## Supplied data
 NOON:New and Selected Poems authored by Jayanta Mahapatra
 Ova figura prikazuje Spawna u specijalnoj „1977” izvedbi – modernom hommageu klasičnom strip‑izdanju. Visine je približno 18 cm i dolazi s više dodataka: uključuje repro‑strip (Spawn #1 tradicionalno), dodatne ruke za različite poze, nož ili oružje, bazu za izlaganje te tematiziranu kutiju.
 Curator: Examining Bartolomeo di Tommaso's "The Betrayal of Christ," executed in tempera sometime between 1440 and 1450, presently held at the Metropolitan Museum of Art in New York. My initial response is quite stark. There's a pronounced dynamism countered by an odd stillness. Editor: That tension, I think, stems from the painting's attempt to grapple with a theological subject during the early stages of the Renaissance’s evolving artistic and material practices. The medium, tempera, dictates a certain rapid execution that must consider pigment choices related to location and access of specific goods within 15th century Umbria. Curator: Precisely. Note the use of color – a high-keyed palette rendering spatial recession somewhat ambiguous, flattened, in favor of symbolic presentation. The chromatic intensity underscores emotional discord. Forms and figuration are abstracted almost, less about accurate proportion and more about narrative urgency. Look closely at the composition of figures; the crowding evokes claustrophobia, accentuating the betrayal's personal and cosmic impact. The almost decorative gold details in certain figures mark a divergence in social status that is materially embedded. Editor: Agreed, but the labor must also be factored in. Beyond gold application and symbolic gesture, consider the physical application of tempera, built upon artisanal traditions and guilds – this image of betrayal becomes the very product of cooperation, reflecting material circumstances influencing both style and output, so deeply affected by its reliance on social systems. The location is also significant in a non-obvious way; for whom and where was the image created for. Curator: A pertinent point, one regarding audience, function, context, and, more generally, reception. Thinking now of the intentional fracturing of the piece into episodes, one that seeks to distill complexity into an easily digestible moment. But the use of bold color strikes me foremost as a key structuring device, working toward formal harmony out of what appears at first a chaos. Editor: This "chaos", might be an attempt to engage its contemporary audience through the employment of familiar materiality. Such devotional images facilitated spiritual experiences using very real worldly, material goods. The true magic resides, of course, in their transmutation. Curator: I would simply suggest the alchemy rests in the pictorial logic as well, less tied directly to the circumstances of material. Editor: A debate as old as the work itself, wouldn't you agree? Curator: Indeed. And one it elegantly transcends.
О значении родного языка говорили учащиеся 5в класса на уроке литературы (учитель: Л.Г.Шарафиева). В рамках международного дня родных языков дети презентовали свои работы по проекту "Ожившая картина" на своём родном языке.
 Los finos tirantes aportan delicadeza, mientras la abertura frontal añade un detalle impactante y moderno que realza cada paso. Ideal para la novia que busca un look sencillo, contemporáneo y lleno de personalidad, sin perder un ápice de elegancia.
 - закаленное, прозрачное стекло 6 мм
...
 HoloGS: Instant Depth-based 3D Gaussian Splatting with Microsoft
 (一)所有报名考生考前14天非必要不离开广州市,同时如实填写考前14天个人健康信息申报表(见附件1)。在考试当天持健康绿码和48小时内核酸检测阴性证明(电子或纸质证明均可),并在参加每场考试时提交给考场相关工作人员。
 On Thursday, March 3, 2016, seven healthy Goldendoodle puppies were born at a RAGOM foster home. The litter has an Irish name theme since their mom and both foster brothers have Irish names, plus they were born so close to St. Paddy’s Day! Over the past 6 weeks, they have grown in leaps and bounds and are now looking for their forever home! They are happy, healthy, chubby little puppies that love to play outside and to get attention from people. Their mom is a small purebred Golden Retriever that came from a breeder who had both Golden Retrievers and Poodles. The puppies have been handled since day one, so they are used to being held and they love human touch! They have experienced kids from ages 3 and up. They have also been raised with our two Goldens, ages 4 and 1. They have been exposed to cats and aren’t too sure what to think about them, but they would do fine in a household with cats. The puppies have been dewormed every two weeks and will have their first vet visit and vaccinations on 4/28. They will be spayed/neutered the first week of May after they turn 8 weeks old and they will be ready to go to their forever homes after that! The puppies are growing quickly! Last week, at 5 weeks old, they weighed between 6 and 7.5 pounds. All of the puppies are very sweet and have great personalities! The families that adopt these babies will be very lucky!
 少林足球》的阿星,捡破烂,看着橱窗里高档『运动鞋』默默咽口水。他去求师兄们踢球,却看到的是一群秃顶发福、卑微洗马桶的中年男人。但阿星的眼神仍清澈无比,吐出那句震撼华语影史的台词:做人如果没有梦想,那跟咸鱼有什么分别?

## Work to be completed
Of all the entries above, repeat only the lines from the line that has "NOON:New and Selected" to the line that has "Ova figura prikazuje", both lines included, exactly.

## Task answer
 NOON:New and Selected Poems authored by Jayanta Mahapatra
 Ova figura prikazuje Spawna u specijalnoj „1977” izvedbi – modernom hommageu klasičnom strip‑izdanju. Visine je približno 18 cm i dolazi s više dodataka: uključuje repro‑strip (Spawn #1 tradicionalno), dodatne ruke za različite poze, nož ili oružje, bazu za izlaganje te tematiziranu kutiju.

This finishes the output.